Like what are the diplomats and politicians there saying to their counterparts in the US.

That's what I'd LOVE to hear exposed.

Nato allies urge rethink on alliance after Biden’s ‘unilateral’ Afghanistan exit
From the Wall Street Journal of Europe...

The below is more about the NATO alliance and some soul searching the European members are having to take, instead of a threat from Russia, it may be this event that forces those countries to either be serious about their military or, continue to be reliant on others for their security.
quote:
Nato allies urge rethink on alliance after Biden’s ‘unilateral’ Afghanistan exit

European leaders criticise US as troop withdrawal ‘debacle’ brings longest-running mission to end

European allies had hoped Joe Biden’s election to the US presidency would bolster Nato’s relevance after Donald Trump’s acrimonious tenure. Washington’s messy withdrawal from Afghanistan is prompting a rethink.

After the fall of Kabul, EU defence and security officials have been critical of the US decision to send home its 2,500 troops, saying it has weakened Nato and raised questions about Europe’s security dependence on Washington. Their reaction marked a bitter end to the alliance’s longest-running mission, which involved 10,000 personnel from 36 countries.

“This kind of troop withdrawal caused chaos. Chaos causes additional suffering,” Artis Pabriks, Latvia’s defence minister, told local radio on Tuesday. Such long-term missions were unlikely in the future, he added: “This era is over. Unfortunately, the west, and Europe in particular, are showing they are weaker globally.”

He echoed Ben Wallace, UK defence secretary, who appeared on the verge of tears on Monday as he predicted “some would not get back” from the war-torn country. “It’s sad. Twenty years of sacrifice is what it is,” he said.

Armin Laschet, Germany’s conservative candidate to succeed chancellor Angela Merkel, on Tuesday called the troop withdrawal “the greatest debacle that Nato has experienced since its foundation”.
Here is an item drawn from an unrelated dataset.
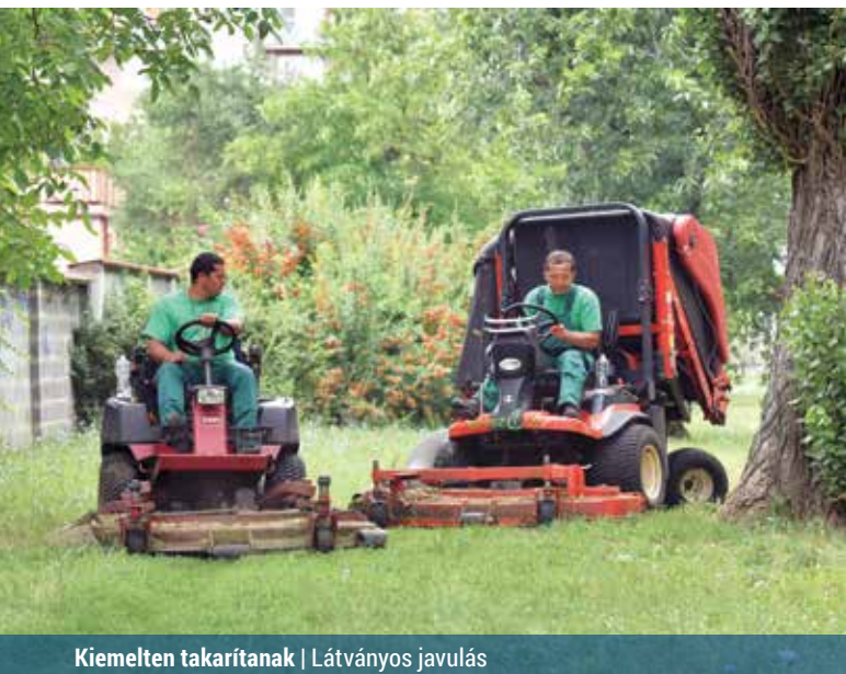
Kiemelten takarítanak | Látványos javulás

A kerület parkjaival, tereivel, zöldfelületeivel nyáron is bőven akad tennivaló. Kapálás, kaszálás, gyomlálás, öntözés ad munkát.

“It looks like Nato has been completely overtaken by American unilateral decisions,” said Lord Peter Ricketts, the UK’s former national security adviser. “First of all, Trump’s decision to start talking to the Taliban about leaving and then the Biden decision to set a timetable.”

“The Afghanistan operation was always going to end some time, it was never going to go on forever, but the manner in which it’s been done has been humiliating and damaging to Nato.”

Nato’s intervention in Afghanistan, prompted by the al-Qaeda-led September 11 2001 attacks on the US, was the first and only time the alliance invoked its Article 5 collective defence principle, under which an attack on one ally is considered an attack on all.

Two decades on, there have been cracks in the unity over how to end “America’s longest war”. As the Taliban encircled Kabul on Friday, Wallace revealed that he had tried this year to form a coalition of “like-minded” Nato countries that would keep some troops in Afghanistan.

Lord George Robertson, who was Nato secretary-general on the day of the 9/11 attack in New York, and who triggered Article 5 a few hours later, suggested the disunity was damaging. “It weakens Nato because the principle of ‘in together, out together’ seems to have been abandoned both by Donald Trump and by Joe Biden,” he told the Financial Times.

Biden administration officials had consulted with allies as they sought to unstitch Trump’s isolationist approach. On Afghanistan, however, some alliance members complained that Washington presented them with a fait accompli.

“This was discussed at length, and the US listened, but Biden had made a political decision,” said one person familiar with the withdrawal planning.

Once the decision was formalised, the UK, Turkey and Italy were keen to find a way to keep forces in place to help stabilise Afghanistan. But this was considered impossible without the vast military infrastructure provided by the US, notably air support from the US-run Bagram air base north of Kabul.

Nato secretary-general Jens Stoltenberg insisted there had been “no willingness” from other European allies or from Canada to fill in for the US once it announced its withdrawal plan.

“We must realise that when it comes to the Nato mission to Afghanistan, it was not possible to have an independent role for Germany or the European forces,” Merkel said on Monday. “We always said that we are basically dependent on the decisions of the US government.”

One former military commander who served in Afghanistan said there were “big implications” for perceptions of Nato’s deterrence capabilities.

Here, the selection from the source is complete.